The Hubert Evans Non-Fiction Prize for the author of the best original non-fiction literary work went to Brian Brett for Tuco: The Parrot, the Others, and A Scattershot World (Greystone Books). The book is about the author’s decades-long relationship with his African Grey parrot.

Annette LeBox and Stephanie Graegin won the Christie Harris Illustrated Children’s Literature Prize for Peace is an Offering (Dial Books). The best non-illustrated book written for children was Susan Juby’s The Truth Commission (Razorbill).

The Bill Duthie Booksellers’ Choice Award presented to the originating publisher and author(s) of the best book in terms of public appeal, initiative, design, production, and content went to Susan Musgrave, A Taste of Haida Gwaii: Food Gathering and Feasting at the Edge of the World (Whitecap Books).
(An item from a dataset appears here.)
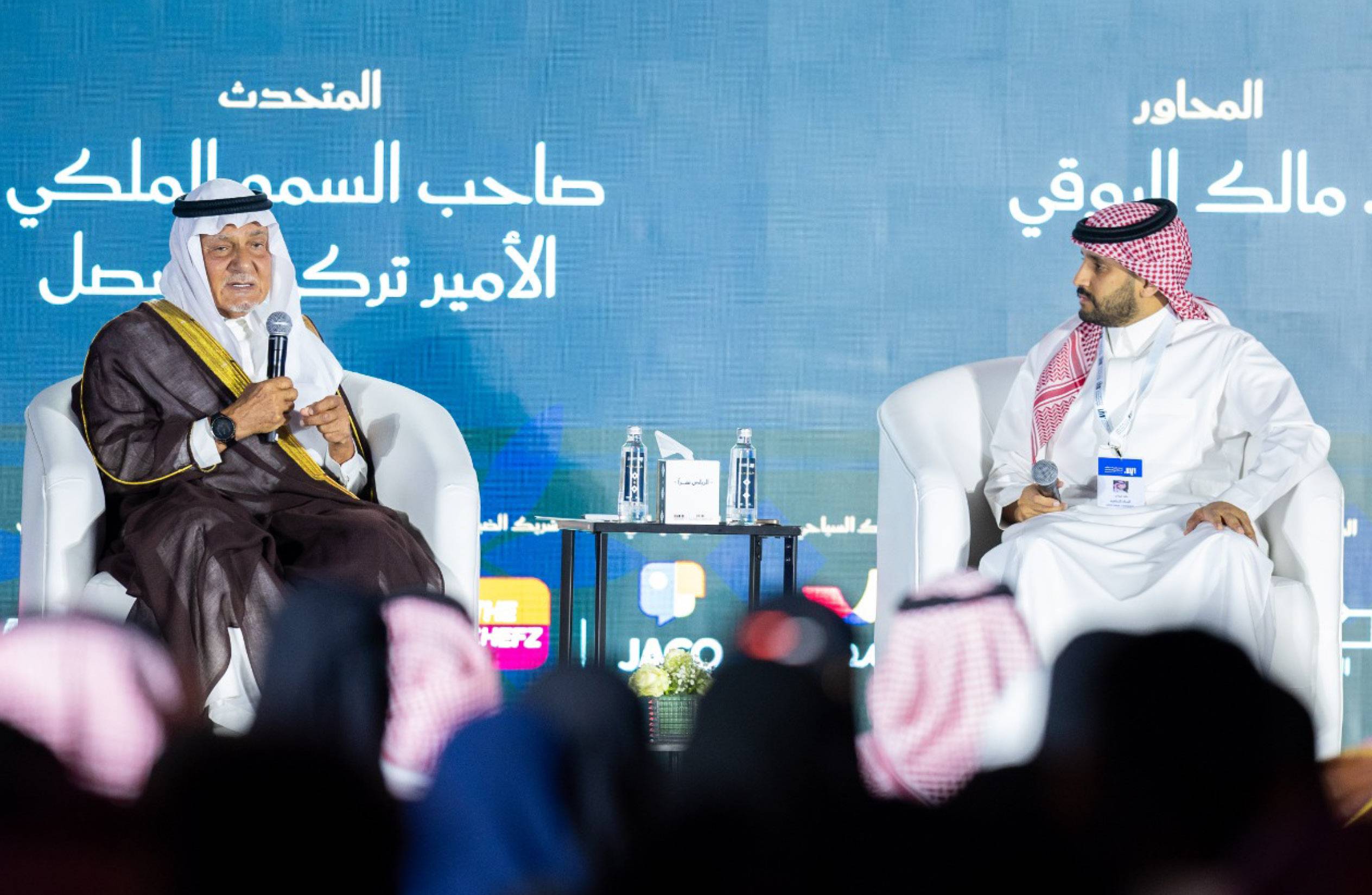 صاحب السمو الملكي الأمير تركي الفيصل، رئيس مجلس إدارة مركز الملك فيصل للبحوث والدراسات الإسلامية يحلّ ضيفًا على معرض الرياض الدولي للكتاب، يوم السبت ۱۲ ربيع الآخر ۱٤٤۷هـ، الموافق ٤ أكتوبر ۲۰۲٥م، في حوار أداره الإعلامي مالك الروقي، تناول عددًا من القضايا السياسية والثقافية، وسط حضور كبير من زوّار المعرض.

And finally, the Lieutenant Governor’s Award for Literary Excellence went to another Vancouverite, Alan Twigg. The award recognizes British Columbia writers who have contributed to the development of literary excellence in the province. He has produced the educational newspaper B.C. BookWorld since 1987. It has been cited by the Canadian Centre for Studies in Publishing as the most essential cog in the infrastructure the supports writing and publishing in British Columbia. Among other feats, Twigg has produced the educational newspaper B.C. BookWorld since 1987 and written 17 books, including histories of Belize and Cuba.

A total of $14,000 is awarded to winners with each prize providing $2,000. The recipient of the Lieutenant Governor’s Award receives $5,000. The BC Book Prizes were established in 1985.